» Supplied data
——

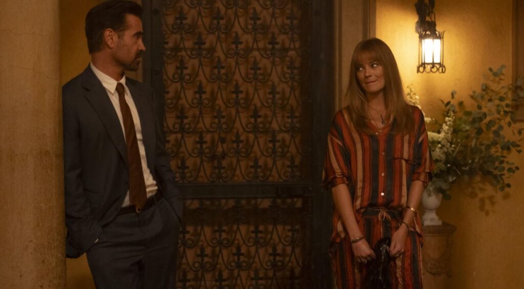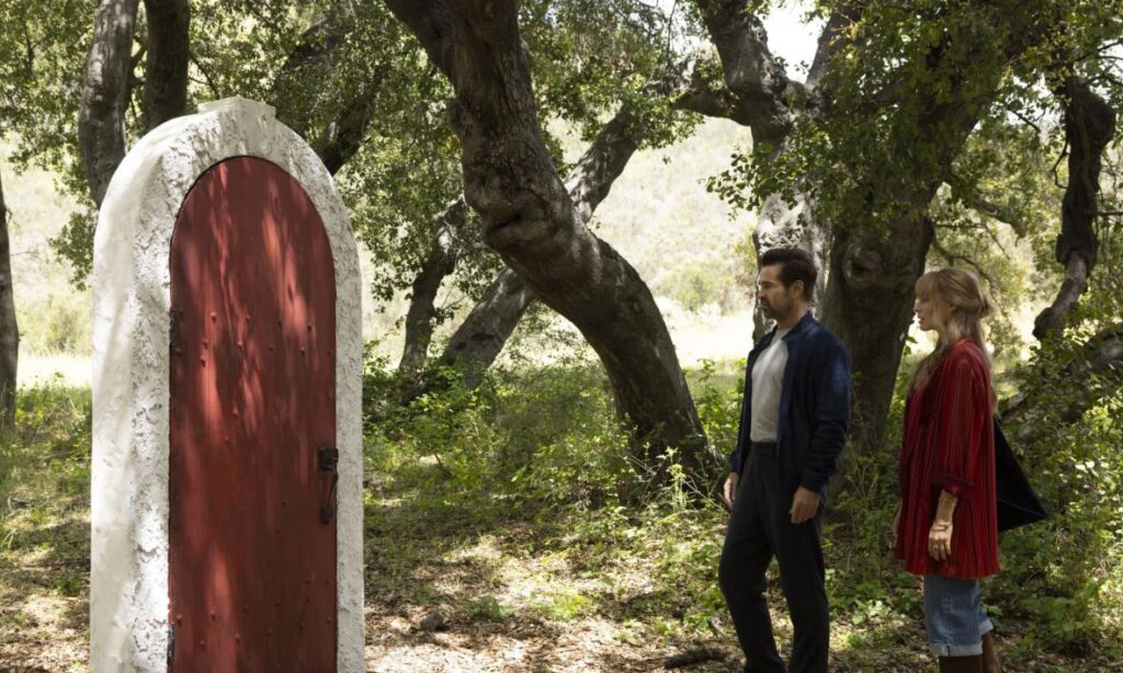 David (Colin Farrell) walks through a door into a very large room containing two rental cars. Two people sitting behind a desk urge David to come all the way in. The woman (Phoebe Waller-Bridge) peppers him with questions while the man (Kevin Kline) casually observes and agrees with her. In the end, she convinces David to rent the GPS to go with the 1994 Saturn he will be borrowing.
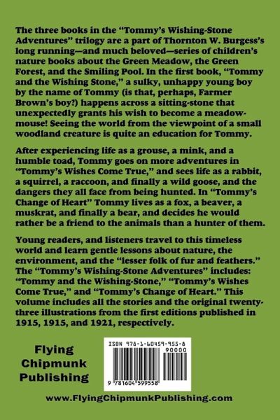 The three books in the ¿Tommy¿s Wishing-Stone Adventures¿ trilogy are a part of Thornton W. Burgess¿s long running ¿ and much beloved ¿ series of children¿s nature books about the Green Meadow, the Green Forest, and the Smiling Pool. In the first book, ¿
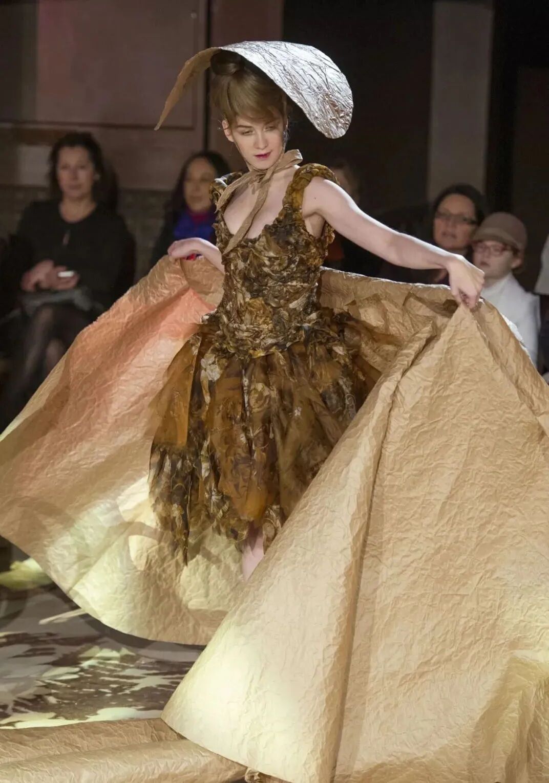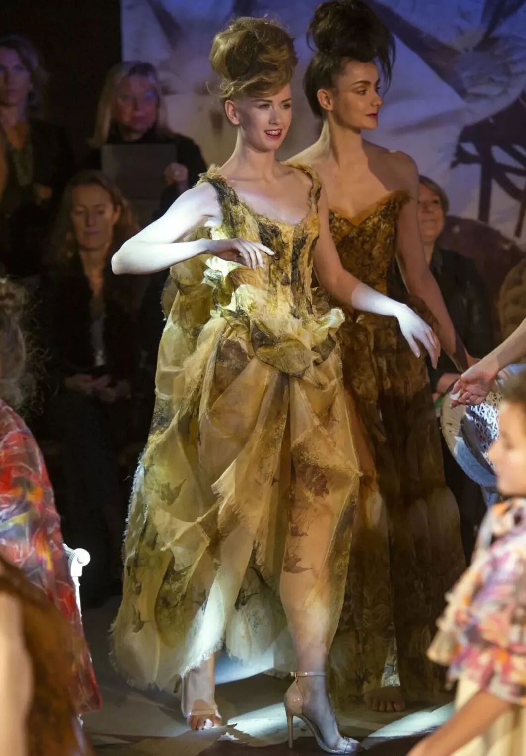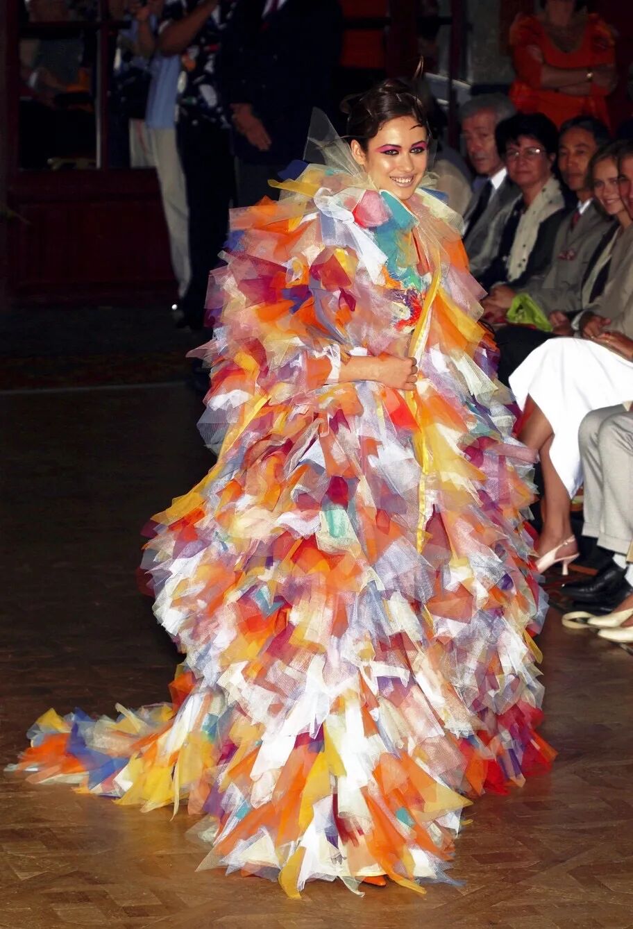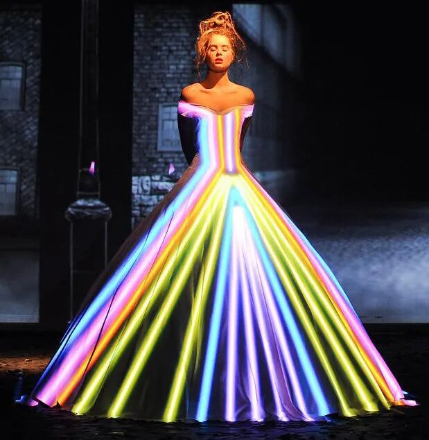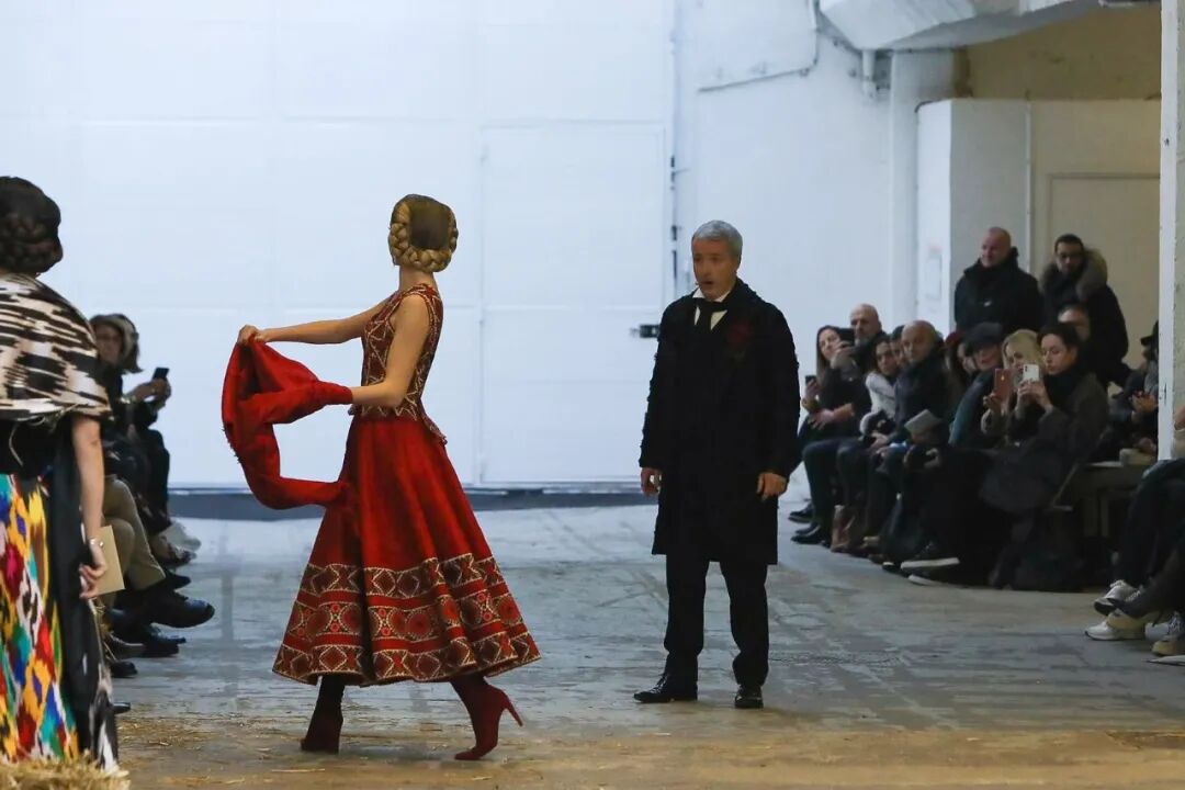 在巴黎高级定制时装周Franck Sorbier以一个全新视角使舞者们轻盈地滑过舞台,动作优雅,几乎像在做梦。配合音乐和布景,整个制作的艺术性使人措手不及,即使从远处,也能看到每件作品的细节,有趣的结构和美丽的色彩选择。

——

» Work task
From the first line to the last, please copy the data exactly, with the pictures left out.

» Answer space
 David (Colin Farrell) walks through a door into a very large room containing two rental cars. Two people sitting behind a desk urge David to come all the way in. The woman (Phoebe Waller-Bridge) peppers him with questions while the man (Kevin Kline) casually observes and agrees with her. In the end, she convinces David to rent the GPS to go with the 1994 Saturn he will be borrowing.
 The three books in the ¿Tommy¿s Wishing-Stone Adventures¿ trilogy are a part of Thornton W. Burgess¿s long running ¿ and much beloved ¿ series of children¿s nature books about the Green Meadow, the Green Forest, and the Smiling Pool. In the first book, ¿
 在巴黎高级定制时装周Franck Sorbier以一个全新视角使舞者们轻盈地滑过舞台,动作优雅,几乎像在做梦。配合音乐和布景,整个制作的艺术性使人措手不及,即使从远处,也能看到每件作品的细节,有趣的结构和美丽的色彩选择。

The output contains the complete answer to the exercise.